Rien ne va plus dans la vie de Suzie! Depuis qu'une vendeuse de chaussures s'est étonnée de ses boucles serrées "blond foncé et montées sur ressort", gonflées et ressemblant "à de gros cotillons" alors que sa mère a les cheveux "raides comme la justice", la petite fille est persuadée qu'elle a été adoptée. Incapable d'en parler avec ses parents, elle décide d'écrire une lettre chaque jour à celle qui pourrait être sa vraie maman.
A cette Mine imaginaire, elle raconte sa douleur, l'attitude des siens,son amitié avec Marcia:
"La première fois que je l'ai vue, ce sont ses cheveux qui m'ont sauté au visage. Mine, ça ressemblait à une vraie attaque orange. Elle est rousse, tellement rousse."
Alors que pour Suzie, les problèmes sont d'ordre capillaire, Marcia doit faire face à la dépression de sa maman, à sa possessivité aussi...
Mais comment oublier qu'on est différente? Il y a tellement de miroirs à la maison, qu'ils sont "comme des obligations dans mon regard pense Suzie." Pas facile de vivre avec un tel secret:
"Mon secret, il ne cesse de gémir comme un petit animal enfermé et oublié au fond d'une cave. Il reste dans ma gorge, il est beaucoup trop grand, je n'arrive ni à l'avaler, ni à le recracher."
Et Marcia, qui gardait si bien ses secrets devient de plus en plus distante. Suzie se sent isolée:
"Par moments, je pense que mes parents et moi étions debouts en équilibre sur un morceau de terre flottant sur l'eau. Mais depuis que je connais la vérité, le petit bout de terre s'est fendu en deux. Le courant de nos différences m'éloigne d'eux".
Heureusement, tante Odile arrive...
Ce sont les détails et le minuscule qui font le grand tout, non pas les cheveux, les yeux ou les anglaises. Suzie a dix ans et n'a pas le recul nécessaire pour "apprivoiser" les réflexions d'autrui. De ce fait, elle développe un fantasme d'adoption, fait la tête à ses parents qui s'interrogent, ne voit pas le mal être grandissant de sa meilleure amie.
Marie Chartres décrit ce repli sur soi dont les interrogations sont évacuées sous forme de lettres à une inconnue.

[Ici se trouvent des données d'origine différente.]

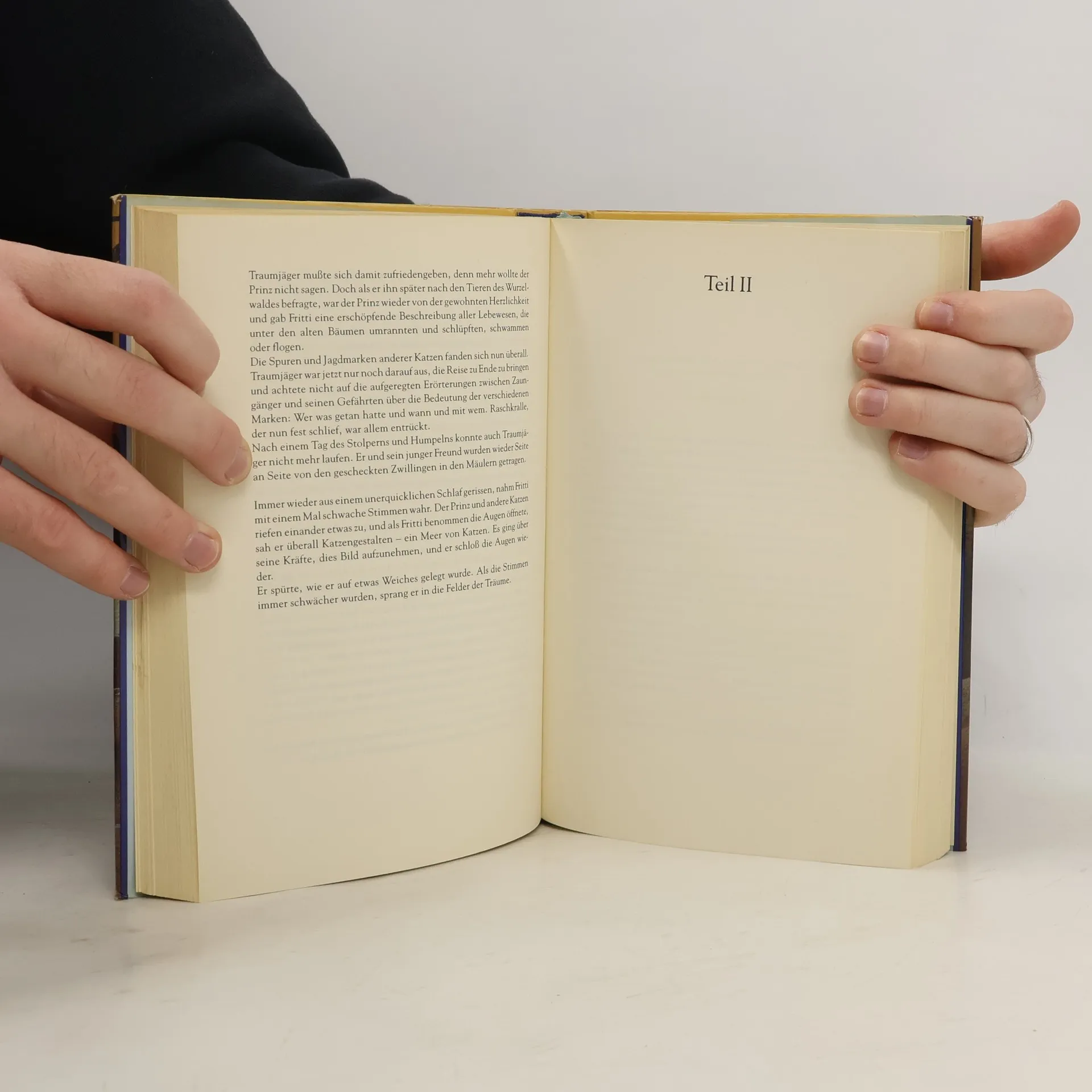Fritti Traumjäger ist ein rötlich-grauer, tapferer, kluger und treuer Kater, voller Freiheitsliebe und tiefer Träume. Er lebt mit seinem Volk in einer Welt, die von mächtigen Katzengöttern und den \"Großen\" beherrscht wird, jenen sonderbaren, pelzlosen Wesen, die man Menschen nennt. Die Welt indes ist nach dem Mythos der Katzen von der Urmutter Tiefklar geschaffen, die das Dunkel verbannte und Die Zwei erschuf: Harar Goldauge und Fela Himmeltanz. Von ihren drei Erstgeborenen hat sich der heimtückische Griraz Kaltherz nach einer Übeltat in das Innere der Erde geflüchtet, wo er auf Rache sinnt und seine Rückkehr ans Licht plant. Furcht und Zorn herrschen in Fritti Traumjägers Volk, denn immer mehr Katzen verschwinden auf geheimnisvolle Weise und werden nicht mehr gesehen. Als schließlich auch noch Frittis Freundin Goldpfote verschwindet, beschließt Fritti zu handeln. Zusammen mit seinem Gefährten Raschkralle und dem exzentrischen, alten Kater Grillenfänger verläßt er seine Heimat und begibt sich auf die Suche nach Goldpfote. Es wird eine Fahrt voller Gefahren und Verzauberungen. Sie bringt ihn und seine Gefährten an den Rand des Todes und führt sie bis in die Katzenhölle. Als er seine Freundin schließlich findet, glaubt er sich am Ziel seiner Wünsche ... --amazon.de

Cependant, petit à petit, Suzie va faire un cheminement inverse; elle va grandir en quelque sorte, aidée avec tact par son entourage.
En filigrane, on retrouve les thèmes chers à l'auteur: le silence, les secrets, le passage à l'écrit en guise de thérapie, de solution à un problème au départ insoluble.
La vérité vient des yeux, des détails, et non des miroirs, reflets déformés de l'être.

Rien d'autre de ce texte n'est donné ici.